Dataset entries
────

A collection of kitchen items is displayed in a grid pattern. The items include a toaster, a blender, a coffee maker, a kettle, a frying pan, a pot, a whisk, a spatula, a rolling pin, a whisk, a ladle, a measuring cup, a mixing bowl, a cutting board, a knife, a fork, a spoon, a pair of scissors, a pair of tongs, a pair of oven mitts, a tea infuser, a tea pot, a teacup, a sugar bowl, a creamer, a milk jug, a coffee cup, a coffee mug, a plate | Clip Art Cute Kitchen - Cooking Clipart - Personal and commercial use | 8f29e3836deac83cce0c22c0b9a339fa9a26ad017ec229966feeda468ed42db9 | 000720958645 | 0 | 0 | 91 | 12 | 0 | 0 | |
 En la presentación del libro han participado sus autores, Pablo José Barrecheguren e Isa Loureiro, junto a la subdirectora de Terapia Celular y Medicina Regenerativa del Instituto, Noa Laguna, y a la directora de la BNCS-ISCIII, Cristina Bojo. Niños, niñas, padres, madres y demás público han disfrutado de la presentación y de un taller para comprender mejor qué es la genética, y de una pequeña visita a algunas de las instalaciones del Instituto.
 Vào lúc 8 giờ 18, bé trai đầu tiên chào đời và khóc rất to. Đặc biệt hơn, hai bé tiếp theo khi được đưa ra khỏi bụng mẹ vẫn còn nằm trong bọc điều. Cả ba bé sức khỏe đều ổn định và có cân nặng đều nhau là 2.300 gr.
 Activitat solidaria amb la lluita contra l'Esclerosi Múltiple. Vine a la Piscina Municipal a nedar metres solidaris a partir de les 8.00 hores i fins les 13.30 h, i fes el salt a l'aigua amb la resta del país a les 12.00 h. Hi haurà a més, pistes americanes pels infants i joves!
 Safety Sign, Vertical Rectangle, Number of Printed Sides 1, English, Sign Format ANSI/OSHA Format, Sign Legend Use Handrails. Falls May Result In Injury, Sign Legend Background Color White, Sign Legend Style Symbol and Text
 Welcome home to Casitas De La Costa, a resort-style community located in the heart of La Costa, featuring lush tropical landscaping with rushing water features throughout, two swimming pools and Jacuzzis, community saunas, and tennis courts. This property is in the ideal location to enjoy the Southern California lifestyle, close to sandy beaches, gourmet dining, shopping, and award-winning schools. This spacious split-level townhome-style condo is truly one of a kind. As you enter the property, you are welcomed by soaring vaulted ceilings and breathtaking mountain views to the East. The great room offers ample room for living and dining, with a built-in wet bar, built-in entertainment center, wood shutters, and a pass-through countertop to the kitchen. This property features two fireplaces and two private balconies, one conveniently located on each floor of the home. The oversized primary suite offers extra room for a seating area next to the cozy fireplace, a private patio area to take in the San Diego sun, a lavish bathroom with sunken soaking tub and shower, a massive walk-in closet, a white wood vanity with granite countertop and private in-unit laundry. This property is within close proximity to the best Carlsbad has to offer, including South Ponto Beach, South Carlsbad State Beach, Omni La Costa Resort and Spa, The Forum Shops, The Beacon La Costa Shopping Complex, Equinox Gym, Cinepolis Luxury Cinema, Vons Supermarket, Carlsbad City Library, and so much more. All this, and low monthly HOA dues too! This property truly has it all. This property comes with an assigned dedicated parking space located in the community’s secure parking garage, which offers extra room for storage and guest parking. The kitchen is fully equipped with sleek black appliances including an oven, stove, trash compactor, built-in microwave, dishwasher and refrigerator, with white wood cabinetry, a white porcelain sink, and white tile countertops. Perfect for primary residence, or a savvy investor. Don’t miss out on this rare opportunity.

────

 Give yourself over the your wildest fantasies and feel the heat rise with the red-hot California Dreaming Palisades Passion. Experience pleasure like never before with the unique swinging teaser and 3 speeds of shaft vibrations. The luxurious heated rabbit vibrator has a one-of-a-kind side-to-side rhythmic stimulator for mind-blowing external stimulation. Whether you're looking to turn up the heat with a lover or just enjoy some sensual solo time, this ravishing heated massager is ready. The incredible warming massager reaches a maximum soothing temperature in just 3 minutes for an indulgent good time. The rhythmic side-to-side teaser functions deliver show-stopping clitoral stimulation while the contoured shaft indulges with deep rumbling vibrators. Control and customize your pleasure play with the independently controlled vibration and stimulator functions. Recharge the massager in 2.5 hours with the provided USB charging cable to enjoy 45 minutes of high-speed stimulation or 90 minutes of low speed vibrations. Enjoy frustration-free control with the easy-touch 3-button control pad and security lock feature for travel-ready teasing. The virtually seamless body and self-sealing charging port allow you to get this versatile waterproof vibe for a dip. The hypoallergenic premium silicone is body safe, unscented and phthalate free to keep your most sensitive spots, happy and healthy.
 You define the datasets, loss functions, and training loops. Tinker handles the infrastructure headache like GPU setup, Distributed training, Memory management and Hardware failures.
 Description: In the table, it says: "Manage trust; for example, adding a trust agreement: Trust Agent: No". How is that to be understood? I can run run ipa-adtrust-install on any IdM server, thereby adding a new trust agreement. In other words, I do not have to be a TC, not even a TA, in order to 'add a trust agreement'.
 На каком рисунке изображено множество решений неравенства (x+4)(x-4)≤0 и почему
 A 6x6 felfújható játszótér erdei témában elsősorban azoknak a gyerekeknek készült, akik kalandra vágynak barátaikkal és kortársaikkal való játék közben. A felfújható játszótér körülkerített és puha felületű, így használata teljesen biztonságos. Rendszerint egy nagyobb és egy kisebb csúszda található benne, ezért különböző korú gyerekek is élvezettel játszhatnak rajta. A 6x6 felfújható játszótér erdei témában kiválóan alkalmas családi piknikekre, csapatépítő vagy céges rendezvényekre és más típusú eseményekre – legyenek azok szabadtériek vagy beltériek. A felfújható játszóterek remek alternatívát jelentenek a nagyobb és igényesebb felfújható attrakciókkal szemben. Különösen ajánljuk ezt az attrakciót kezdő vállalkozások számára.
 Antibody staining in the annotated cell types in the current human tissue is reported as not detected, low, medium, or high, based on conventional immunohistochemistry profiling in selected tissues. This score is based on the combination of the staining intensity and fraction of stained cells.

────

#### What you need to do:
There is a line with "You define the" and a line with "На каком рисунке" above. Copy exactly those two lines and all lines between them, with nothing else.

#### Exercise answer:
 You define the datasets, loss functions, and training loops. Tinker handles the infrastructure headache like GPU setup, Distributed training, Memory management and Hardware failures.
 Description: In the table, it says: "Manage trust; for example, adding a trust agreement: Trust Agent: No". How is that to be understood? I can run run ipa-adtrust-install on any IdM server, thereby adding a new trust agreement. In other words, I do not have to be a TC, not even a TA, in order to 'add a trust agreement'.
 На каком рисунке изображено множество решений неравенства (x+4)(x-4)≤0 и почему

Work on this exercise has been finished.